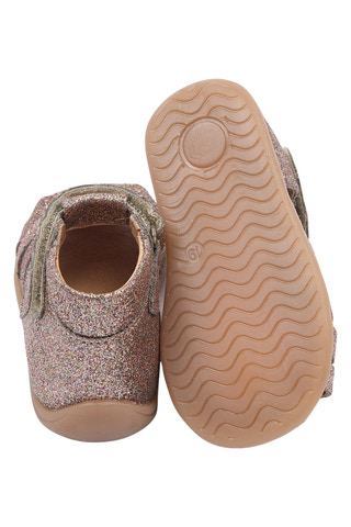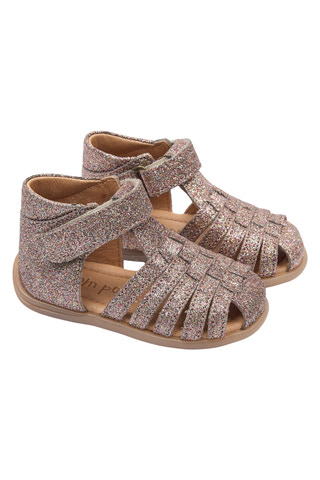 Pop Lära-gå Sandal från Pompom är en charmig och praktisk sandal för de minsta. Den är tillverkad i mjukt läder med en glittrande rose-finish som gör varje steg extra roligt. Den flexibla gummisulan ger bra grepp och stöd, vilket är viktigt för barn som just har börjat gå. Sandalen har en justerbar kardborre som gör det enkelt att ta av och på, och den öppna designen ger god ventilation under varma dagar. Perfekt för både lek och vardag, och den mjuka insidan gör att sandalen sitter bekvämt hela dagen.
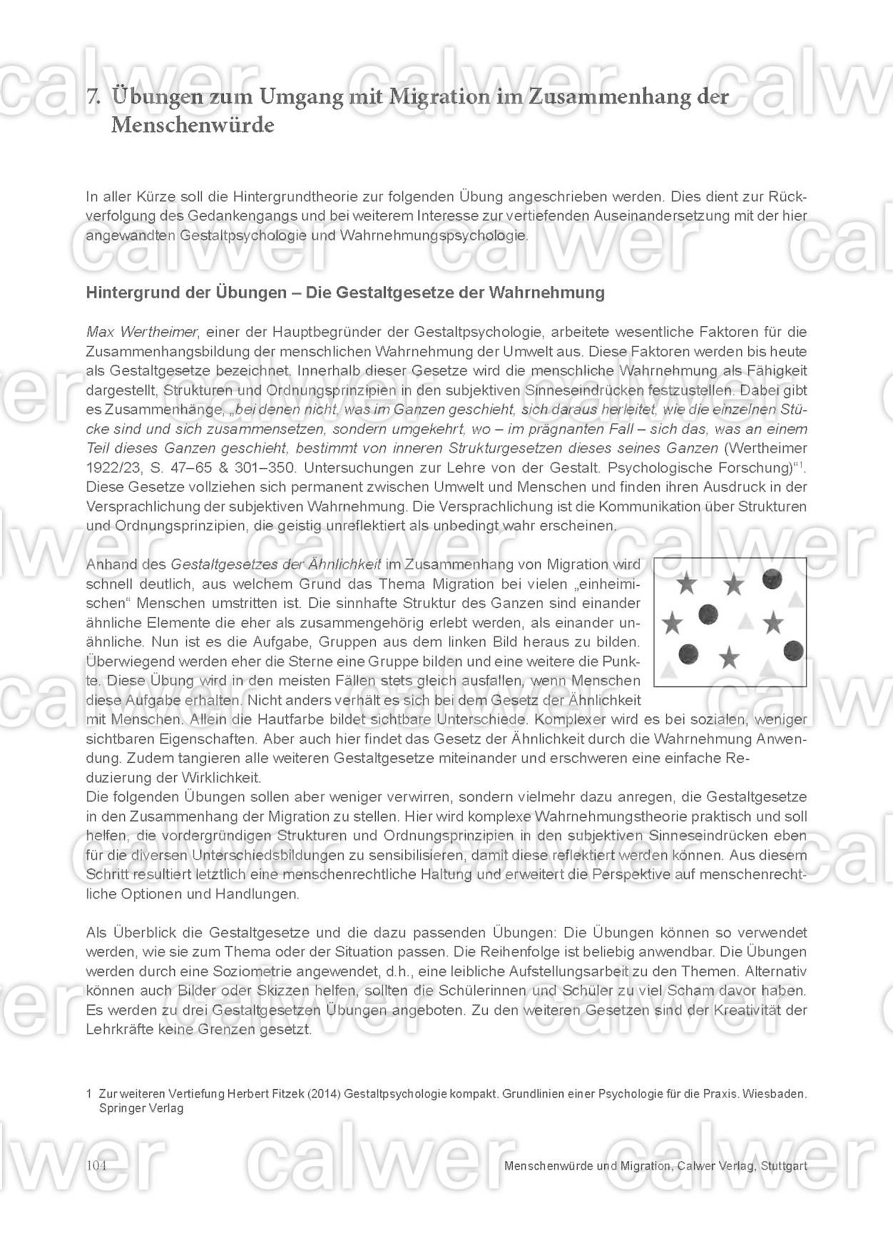 Zudem finden sich praktische Übungen zum Umgang mit Migration im Zusammenhang der Menschenwürde (Gestaltgesetze der Wahrnehmung / Gestaltgesetze im Zusammenhang von Migration und Selbstreflexion: Gesetz der Nähe, Gesetz der guten Gestalt, Gesetz der guten Fortsetzung, Gesetz der gemeinsamen Region, Gesetz der Gleichzeitigkeit, Gesetz der Verbundenheit, Gesetz der Ähnlichkeit/Zusammengehörigkeit, Gesetz der Geschlossenheit, Gesetz des gemeinsamen Schicksals).
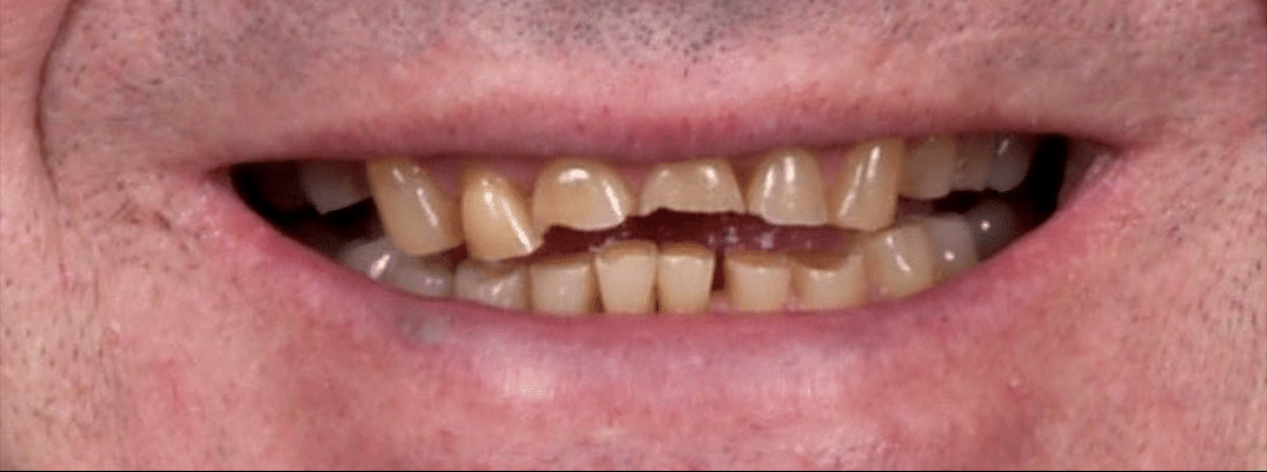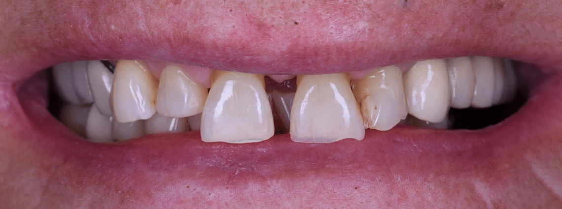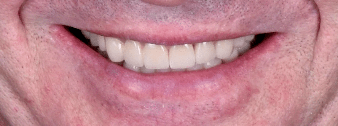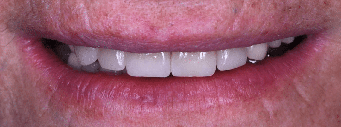 Tratamiento de prótesis dental fija sobre dientes naturales del paciente utilizando carillas y coronas de circonio (sin metal) para una completa rehabilitación.
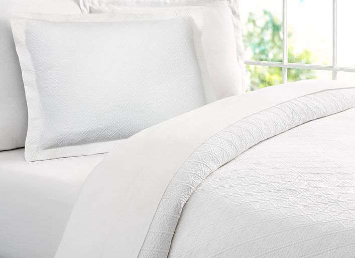 Above: Pottery Barn offers a range of Portuguese Reeve Matelasse organic bedding; the full/queen Reeve Duvet Cover is $149 and the Reeve Sham is $49.50. N.B.: This post is an update; the original ran on May 5, 2017.

■ Your assignment: Without reproducing any picture, repeat exactly the lines from the one containing "Tratamiento de prótesis" through the last line of the material above, both ends included.

■ Expected output:
 Tratamiento de prótesis dental fija sobre dientes naturales del paciente utilizando carillas y coronas de circonio (sin metal) para una completa rehabilitación.
 Above: Pottery Barn offers a range of Portuguese Reeve Matelasse organic bedding; the full/queen Reeve Duvet Cover is $149 and the Reeve Sham is $49.50. N.B.: This post is an update; the original ran on May 5, 2017.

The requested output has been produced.